Мне казалось, что она чуть-чуть прижалась к моей груди, впрочем, я, может быть, только вообразил это.
— Ваша доброта бесконечна, — сказала она.
Мы снова молча пошли дальше, но теперь все переменилось. И счастье в сердце моем разгоралось, как огонь в большом камине.
До наступления дня прошел дождь. Было сырое утро, когда мы пришли в Дельфт. Красные черепичные крыши красиво вырисовывались вдоль каналов. Служанки вытирали и скоблили камни па общественном шоссе. Из сотни кухонь поднимался дым, и я сразу почувствовал, что пора и нам нарушить свой пост.
— Катриона, — сказал я, — кажется, у вас еще остался шиллинг и три боуби?
— Они вам нужны? — спросила она, протягивая мне кошелек. — Хотела бы я, чтобы это было пять фунтов! На что они вам?
— А почему мы шли всю ночь пешком, точно двое нищих? — спросил я. — Потому что в этом злосчастном Роттердаме у меня украли кошелек и все, что у меня было. Я могу сказать это теперь, так как думаю, что худшее уже позади, но все-таки нам предстоит еще порядочный путь, пока мы придем туда, где я смогу получить деньги. И если вы не купите кусок хлеба, мне придется идти голодным.
Она взглянула на меня широко открытыми глазами. При свете наступавшего дня было заметно, как она побледнела от усталости. У меня сжалось сердце, а она громко рассмеялась.
— Ох мучение! Значит, мы теперь нищие? — воскликнула она. — И вы тоже? О, я бы очень хотела, чтобы так было! Я рада, что могу купить вам завтрак. Но было бы лучше, если бы мне пришлось танцевать, чтобы заработать вам на хлеб! Я думаю, что здесь мало знакомы с шотландскими танцами и стали бы платить за любопытное зрелище.

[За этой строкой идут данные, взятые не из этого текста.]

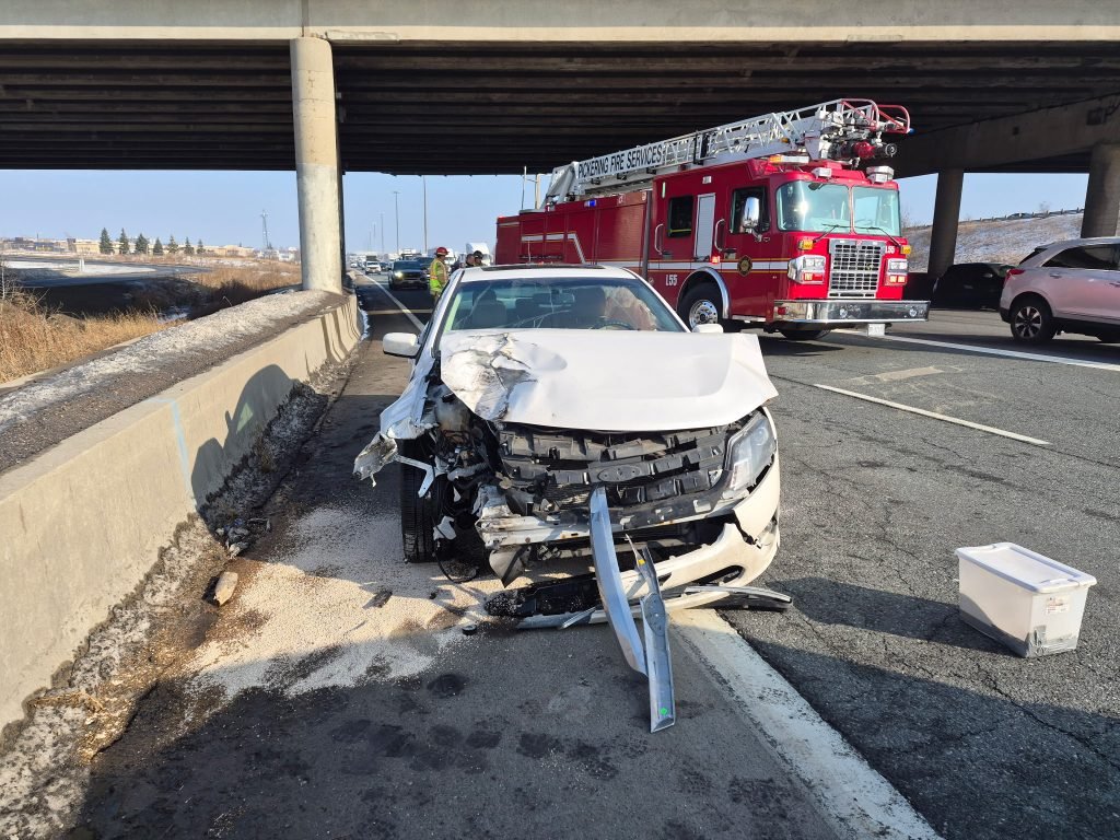 Shortly before 1 p.m., a wheel detached from a tractor trailer and struck a white sedan travelling in the westbound lanes near Brock Road. The impact severely damaged the vehicle, and the sedan’s driver was transported to hospital with injuries.

Я готов был расцеловать ее за эти слова. Мужчины всегда воспламеняются при виде женской отваги.
Мы купили молока у деревенской женщины, только что приехавшей в город, а у булочника — чудесный, горячий, вкусно пахнувший хлеб, который мы съели по пути. От Дельфта до Гааги ровно пять миль; дорога идет прекрасной аллеей; с одной стороны ее — канал, с другой — роскошные пастбища. Это действительно было красивое местечко.
— А теперь, Дэви, — спросила она, — скажите, что вы думаете делать со мной?